(RECORDS FOR THIS TASK begins)

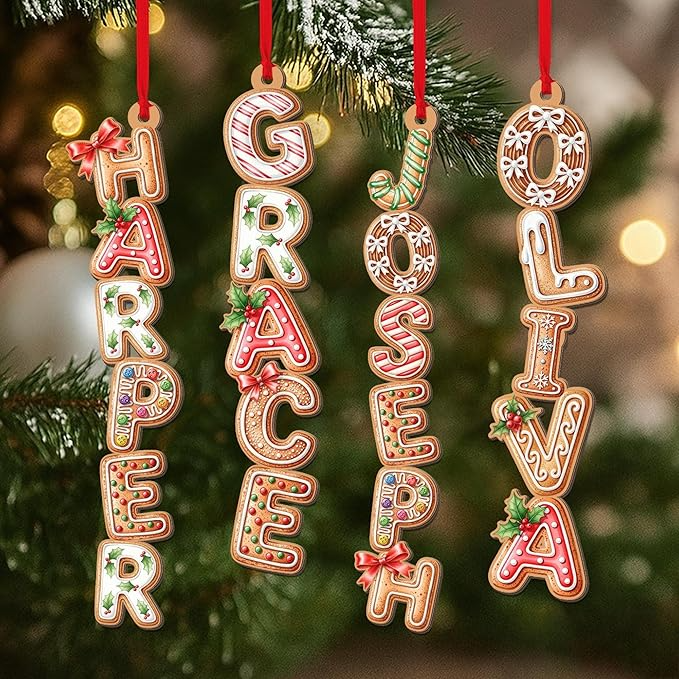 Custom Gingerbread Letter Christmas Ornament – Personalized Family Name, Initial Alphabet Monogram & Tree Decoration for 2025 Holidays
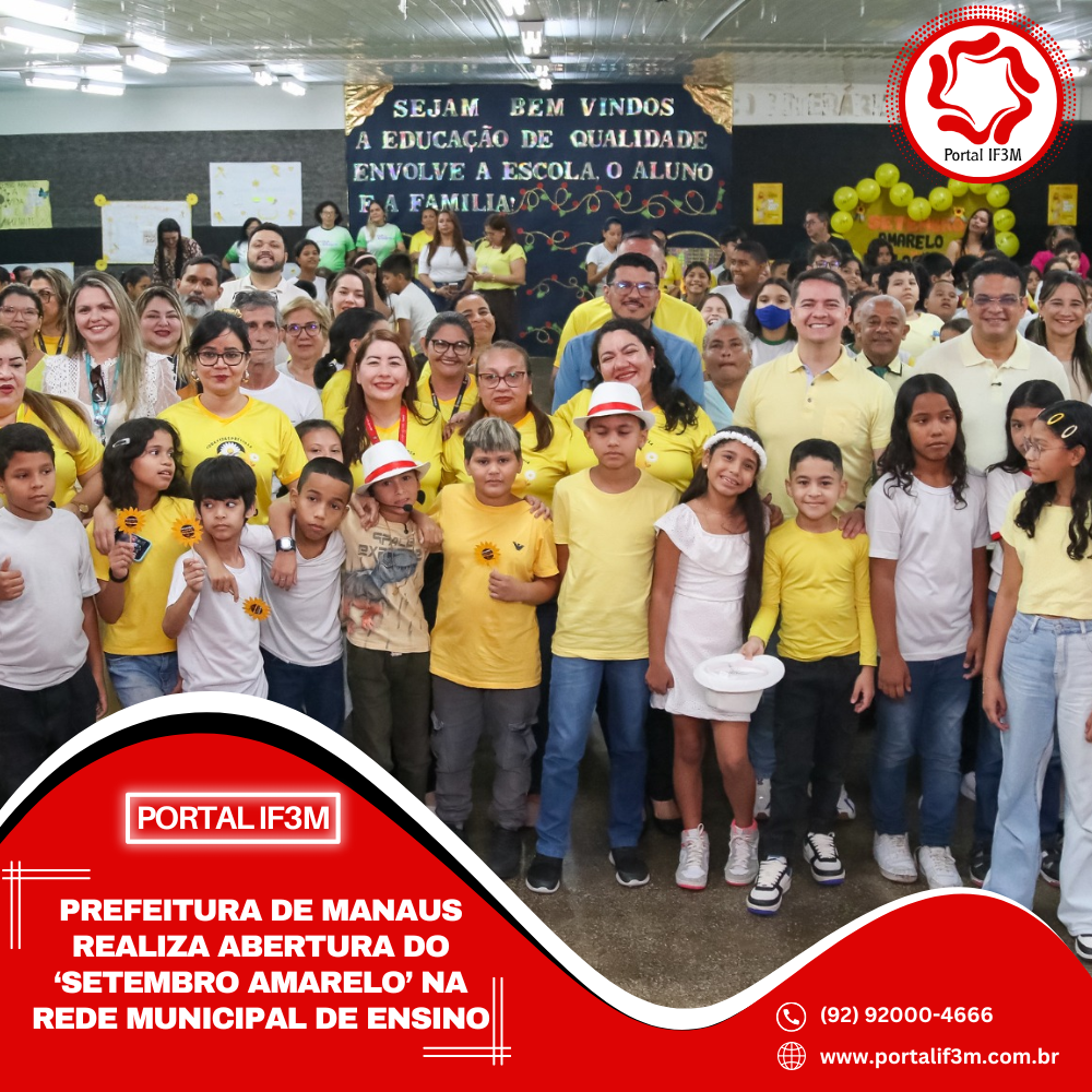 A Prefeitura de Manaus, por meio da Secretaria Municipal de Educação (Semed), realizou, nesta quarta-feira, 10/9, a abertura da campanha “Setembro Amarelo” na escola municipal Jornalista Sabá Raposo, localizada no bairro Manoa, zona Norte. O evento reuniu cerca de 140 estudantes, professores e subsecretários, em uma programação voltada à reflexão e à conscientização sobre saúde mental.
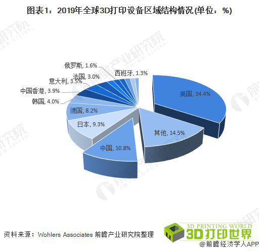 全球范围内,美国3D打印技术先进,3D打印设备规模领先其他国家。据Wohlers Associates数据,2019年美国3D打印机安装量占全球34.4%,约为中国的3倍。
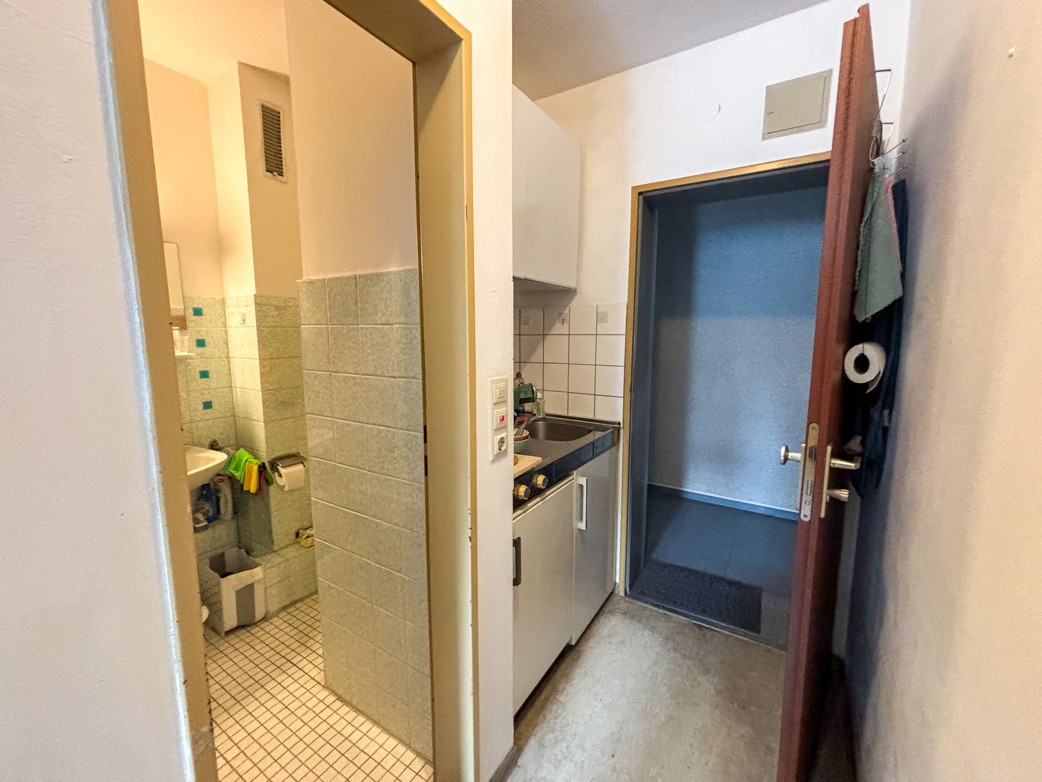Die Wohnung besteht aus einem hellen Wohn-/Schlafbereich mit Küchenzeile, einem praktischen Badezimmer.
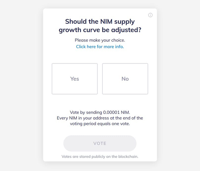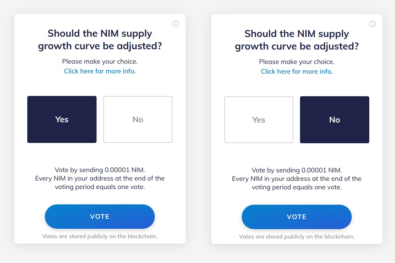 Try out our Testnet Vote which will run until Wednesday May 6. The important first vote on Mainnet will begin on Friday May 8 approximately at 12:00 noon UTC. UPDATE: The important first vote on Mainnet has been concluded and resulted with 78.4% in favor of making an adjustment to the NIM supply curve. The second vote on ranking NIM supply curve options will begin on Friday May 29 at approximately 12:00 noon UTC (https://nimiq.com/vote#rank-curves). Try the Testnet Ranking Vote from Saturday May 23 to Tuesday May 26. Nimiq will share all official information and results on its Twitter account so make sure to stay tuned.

(RECORDS FOR THIS TASK ends)

◆ **WHAT TO WORK ON**: Your copy should match the material above exactly, minus its pictures.

◆ **ANSWER FOR THIS EXERCISE**:
 Custom Gingerbread Letter Christmas Ornament – Personalized Family Name, Initial Alphabet Monogram & Tree Decoration for 2025 Holidays
 A Prefeitura de Manaus, por meio da Secretaria Municipal de Educação (Semed), realizou, nesta quarta-feira, 10/9, a abertura da campanha “Setembro Amarelo” na escola municipal Jornalista Sabá Raposo, localizada no bairro Manoa, zona Norte. O evento reuniu cerca de 140 estudantes, professores e subsecretários, em uma programação voltada à reflexão e à conscientização sobre saúde mental.
 全球范围内,美国3D打印技术先进,3D打印设备规模领先其他国家。据Wohlers Associates数据,2019年美国3D打印机安装量占全球34.4%,约为中国的3倍。
Die Wohnung besteht aus einem hellen Wohn-/Schlafbereich mit Küchenzeile, einem praktischen Badezimmer.
 Try out our Testnet Vote which will run until Wednesday May 6. The important first vote on Mainnet will begin on Friday May 8 approximately at 12:00 noon UTC. UPDATE: The important first vote on Mainnet has been concluded and resulted with 78.4% in favor of making an adjustment to the NIM supply curve. The second vote on ranking NIM supply curve options will begin on Friday May 29 at approximately 12:00 noon UTC (https://nimiq.com/vote#rank-curves). Try the Testnet Ranking Vote from Saturday May 23 to Tuesday May 26. Nimiq will share all official information and results on its Twitter account so make sure to stay tuned.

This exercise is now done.